Second, borrowers and Wall Street want lower interest rates. Look back to the 2020 and 2021 activities and speculation when the Federal Reserve kept rates low even as the money supply had a huge increase. They want those happy days to return. Therefore, there is cherry picking for negatives (like unemployment) to foster a desire for lower rates.
Third, the Federal Reserve’s “never again” promise as inflation shot up has worn out its welcome. As a result, banks are keeping savings and CD rates low because the Fed continues hinting at a reduction of its Federal Funds rate. And now President Trump has begun pushing for a fast reduction.
Fourth, the interest being paid by the U.S. Government climbed significantly not only by the increased deficit funding, but also by the Federal Reserve’ interest rate increases to fight inflation. It continues to climb as low-rate issues mature and new, higher rate issues are used to make the payments.
A serious fifth issue
The U.S. Government’s large deficits and borrowing have increased negative views. Also, President Trump’s disturbing of global relationships and trade has heightened the concern about the U.S. dollar’s desirability as a foreign reserve currency.
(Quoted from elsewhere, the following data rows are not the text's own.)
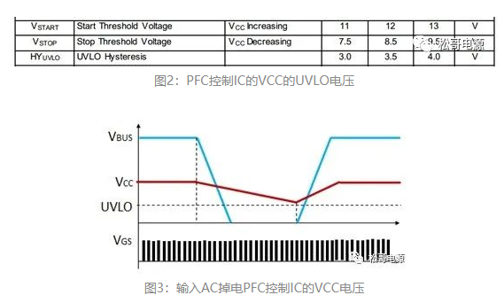 在上述条件下,输入电压瞬态的降到较低值或0V,由于输出满载,PFC输出大电容的电压VBUS迅速降低到非常低的值,PFC控制IC的VCC的电容大,VCC的电流小,因此,VCC的掉电速度远远小于VBUS的掉电速度,VCC的掉电速度慢,只要VCC高于PFC控制IC的VCC的UVLO,那么PFC控制IC仍然在工作。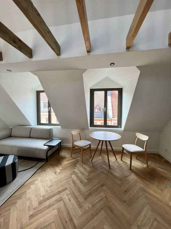 Kernsanierte möblierte Altbauwohnung im Dachgeschoss – Parkett & Designer-Küche etc.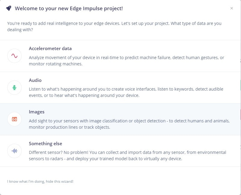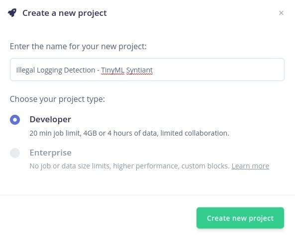Let’s start by creating an Edge Impulse project. Register an account with Edge Impulse. Select Developer as your project type, click Create new project, and then give it a memorable name.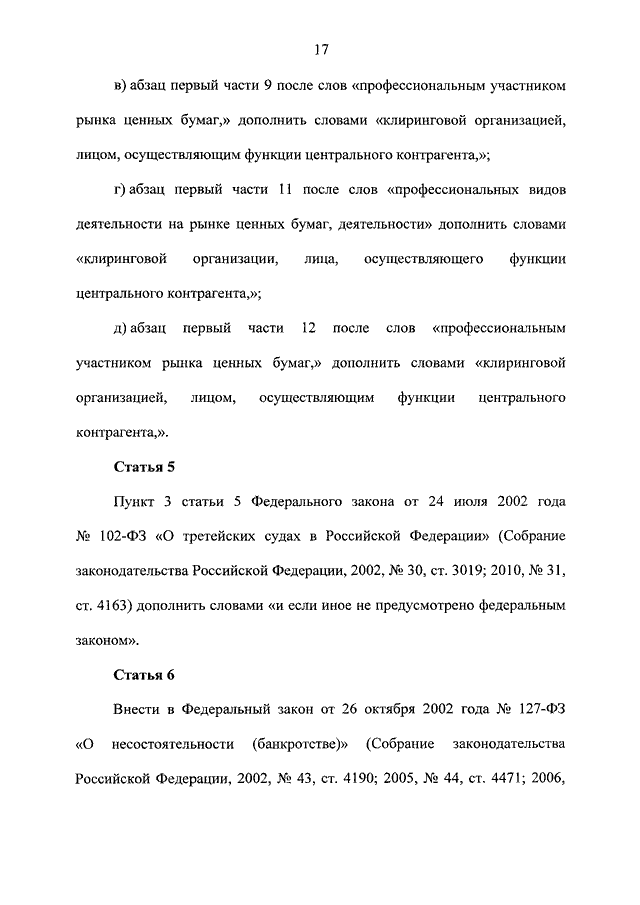 "О ВНЕСЕНИИ ИЗМЕНЕНИЙ В ОТДЕЛЬНЫЕ ЗАКОНОДАТЕЛЬНЫЕ АКТЫ РОССИЙСКОЙ ФЕДЕРАЦИИ В СВЯЗИ С ПРИНЯТИЕМ ФЕДЕРАЛЬНОГО ЗАКОНА "О КЛИРИНГЕ И КЛИРИНГОВОЙ ДЕЯТЕЛЬНОСТИ"

Remember that if the dollar’s value falls versus other countries’ currencies, that is a loss of purchasing power (AKA, inflation).
Add in the tariffs’ price effects, plus the uncertainties created by the variability of President Trump’s tariff declarations, and both businesses and consumers must make adjustments. (For example, the increase in the August new car sales was credited to consumers jumping in as manufacturers hesitate to raise prices.)
The bottom line – Lower interest rates will not cure the serious issues
Lower rates will likely cause a false sense of optimism that, instead, will increase the problems. What is required is a pullback – on huge deficits, on aggravating international and internal relationships, and on the undermining of historical foundations of the United States.
Unfortunately, government leaders typically opt for low-probability actions that look positive over high-probability pullbacks that look negative.